- Born: 19 March 1899 Tatkonis, Vilnius Governorate, Russian Empire
- Died: 25 June 1993 (aged 94) Vilnius, Lithuania
- Education: University of Lithuania Leipzig University
- Scientific career
- Fields: Physical chemistry
- Workplaces: Lithuanian Academy of Sciences

= Juozas Matulis =

Lithuanian scientist (1899–1993)

Juozas Matulis (19 March 1899 – 25 June 1993) was a Lithuanian chemist, physicist and long-time president of the Lithuanian Academy of Sciences.

== Biography ==
===Education===
In 1912, Matulis graduated from Juodpėnai Elementary School. He then studied at the Liepoja Gymnasium from 1920 he served in the electrical engineering battalion of the Lithuanian army. in 1923 Assistant Head of the Organization Department of the Post, Telegraph and Telephone Board.

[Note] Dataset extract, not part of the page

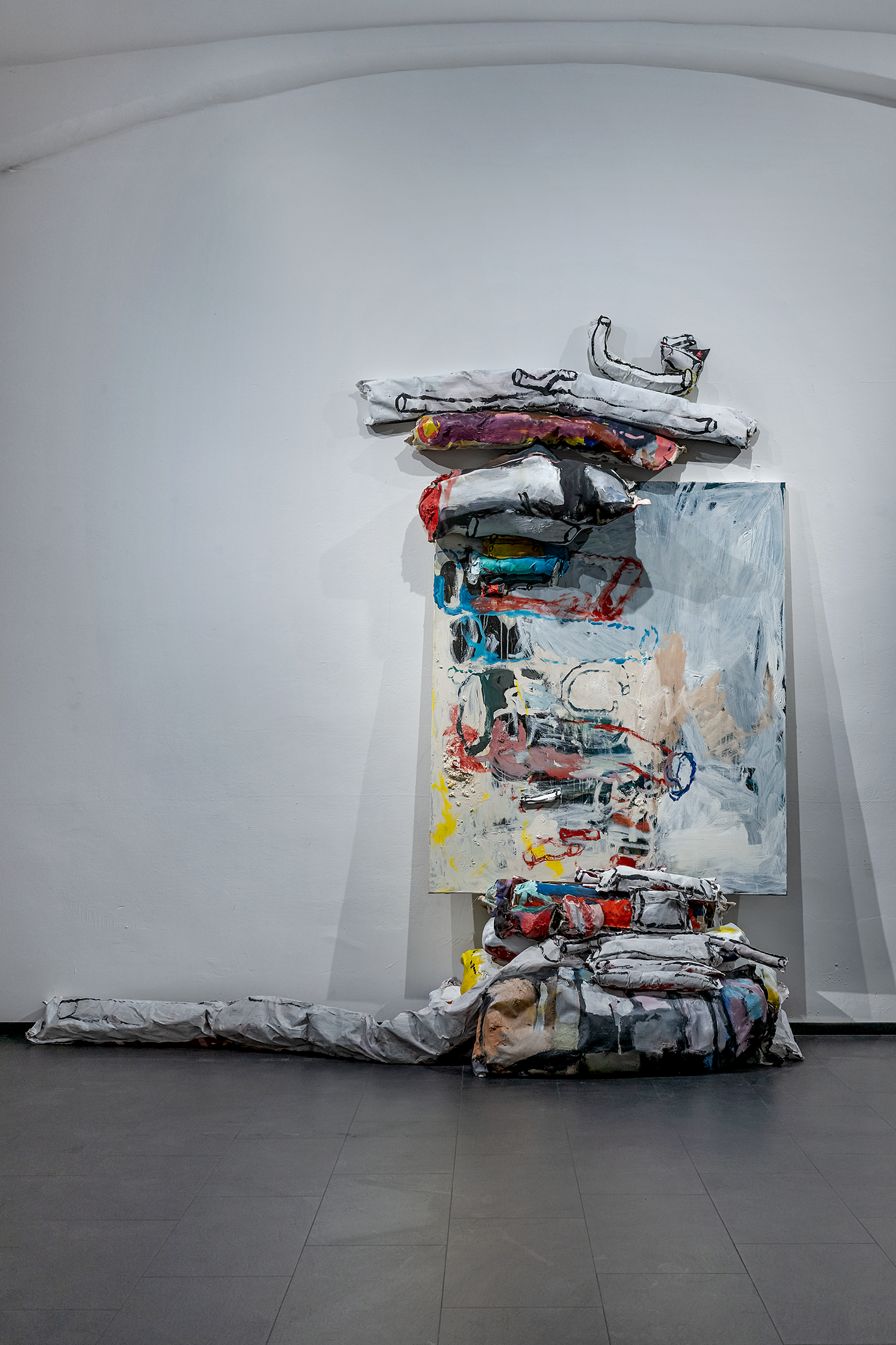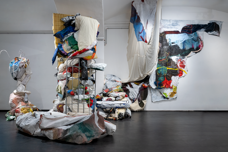 The artist treats her own works as if they were foreign material: stacking, wedging, knotting them, pushing them into corners, allowing some to become partially inaccessible. The exhibition space becomes a place in progress, suspended halfway between warehouse and display, where things are kept, displaced, and reconfigured. The project reflects on archiving, memory, and the quiet failure of order, asking what lingers in a practice over time and what resists being resolved. It is an attempt to take the incidental, the overlooked, and the unfinished seriously, as material, as atmosphere, and as part of an open, continually shifting artistic process.

In 1924, he graduated from the Adult Gymnasium of the Lithuanian Teachers' Trade Union in Kaunas and entered the Technical Faculty of the University of Lithuania. In 1925, he was transferred to the Physics and Chemistry Department of the Faculty of Mathematics and Natural Sciences. From 1925, Mautlis participated in the activities of the Lithuanian Social Democratic Party and was a member of its student organization Žiežirba.

In 1928, he was accepted to the University of Lithuania as a junior laboratory assistant and in 1929 he graduated from the university. From 1930 he was chief assistant of the Chemistry Department of Kaunas University. In 1931–1933, he completed an internship at the University of Leipzig and in 1934 he received a doctorate in chemistry.

===Academic career===
From 1936, he was associate professor and from 1940 the Dean of the Faculty of Mathematical Sciences and Natural Sciences of Vilnius University. Matulis career reached new heights after the Soviet occupation of Lithuania in 1940. In 1941, he was elected as an academician of the Academy of Sciences of the Lithuanian SSR and secretary of the Department of Natural Sciences. After the war, Matulis became the chairman of the restoration committee of the Lithuanian Academy of Sciences and in 1946, he was elected chairman of the Academy of Sciences, a position he held until 1984. He was also a Corresponding Member of the Academy of Sciences of the Soviet Union. Matulis was the founder of the national electrochemical school in Lithuania.

As politician he was a deputy of the Supreme Soviet of the Lithuanian SSR from 1947, and from 1959 to 1963 he was its deputy chairman. Matulis became a member of the Communist Party of Lithuania in 1950 and was a member of its Central Committee from 1956 to 1986.